I don't really count on the letter to mean that much to him, or that he would care at all. In the book, Dr. Dobson was just saying a letter MIGHT get back your spouse, but overall with it you'll be gaining your dignity back. I'll admit, I wanted to try some subtle things to attract him again - I got books, found some "get him back" programs. But every time I commit myself to trying something, he'll say or do something that just let's me know he's not interested. I know some people try even though their spouse is resisting 200%, and some do prevail and won them back. But it's tearing me up too much inside, and I'm starting to look at him as totally immoral and without honor. Not to rant, but he knows fully well the damage he is causing, and doesn't care about it - he doesn't even want to try! He thinks he's a "good guy" because because he wants to have our son equal time. Forget about the wife he made vows of lifetime to, huh? But I'm starting to believe that the ideal marriage scenario is DEAD. I wouldn't be surprised if the percentages of divorces keeps climbing. 

So yeah, I just started to believe that this woman has been in the picture for awhile. It's probably the woman from work I saw pictures of, with the "Candy" nickname. He was so mad when I brought her up and accused him, and then exclaimed he wanted a divorce. He was probably planning to say it anyway but he did it quite earlier than expected because of his anger. 

Oh well, time to move on, and just make sure my son and I get through this with God's help. Thanks guys.
_Posted via Mobile Device_


----------



## lifeistooshort (Mar 17, 2013)

*Re: Separated "wants divorce" husband has girlfriend & is keeping her a secret?!*

So you didn't agree to a divorce but you basically acknowledged that he would be seeing others? I guess I'm confused as to how this would work. 

You have every right to know who your son is around but you're either married or not. We're you just hoping he'd get it out of his system?
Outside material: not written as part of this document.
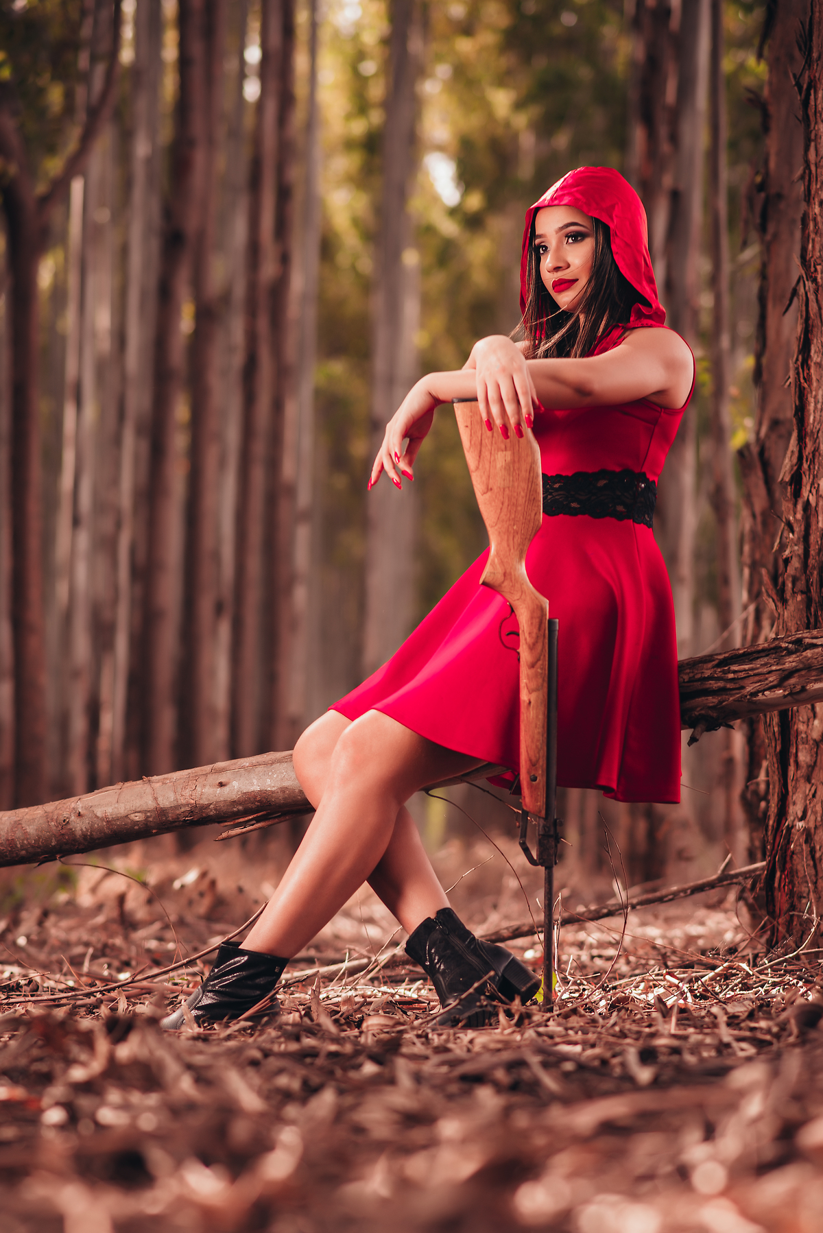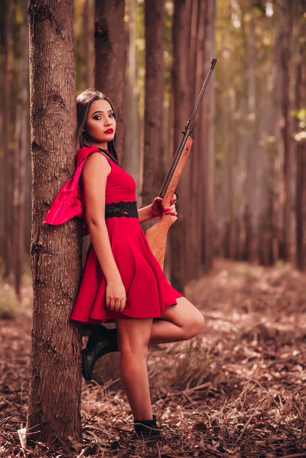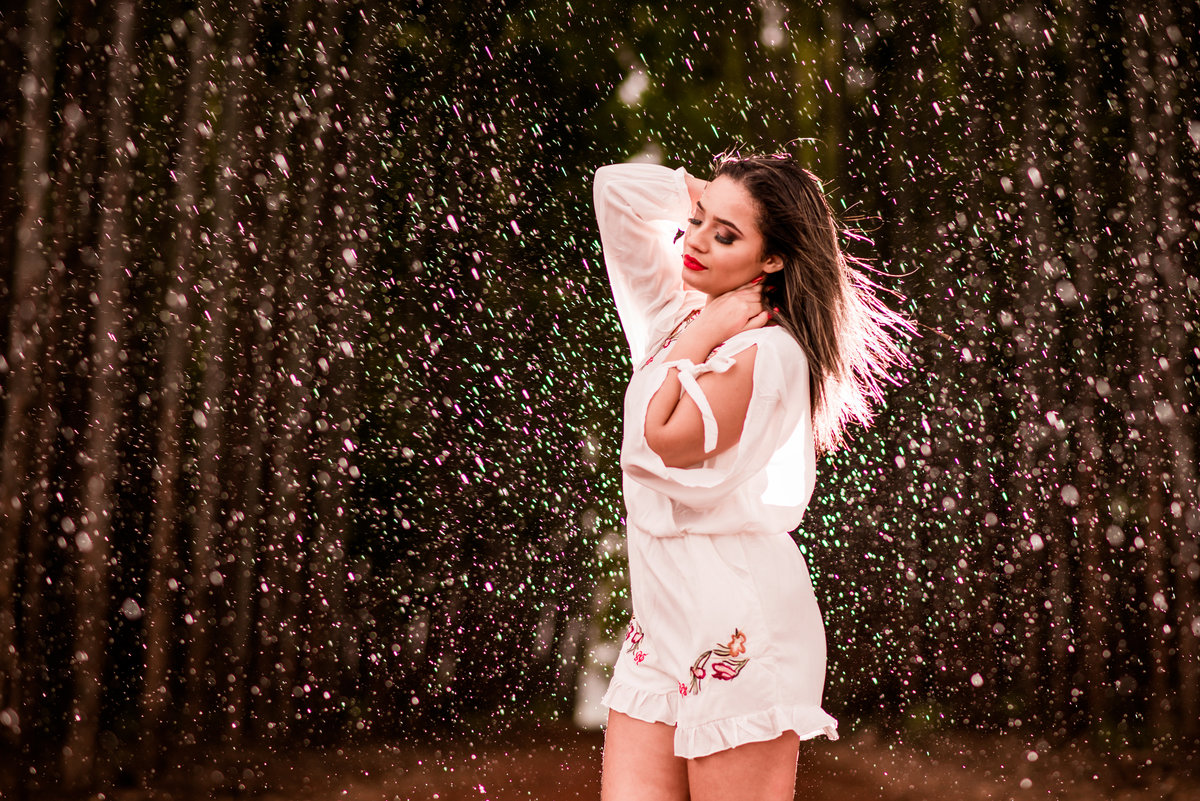 Ensaio temático feito em uma plantação de eucaliptos.

Because that's the worst attitude to take as it makes you look like a doormat and not as someone to be valued.
_Posted via Mobile Device_


----------



## loveSprite (Jan 5, 2015)

*Re: Separated "wants divorce" husband has girlfriend & is keeping her a secret?!*



lifeistooshort said:


> So you didn't agree to a divorce but you basically acknowledged that he would be seeing others? I guess I'm confused as to how this would work.
> 
> You have every right to know who your son is around but you're either married or not. We're you just hoping he'd get it out of his system? Because that's the worst attitude to take as it makes you look like a doormat and not as someone to be valued.
> _Posted via Mobile Device_


*lifeistooshort*, I don't need this negative, sarcastic talk mixed with advice, not today. Normally I'd reply and add some defense to it. But I'm having a pretty bad time with all this right now, and I don't need this.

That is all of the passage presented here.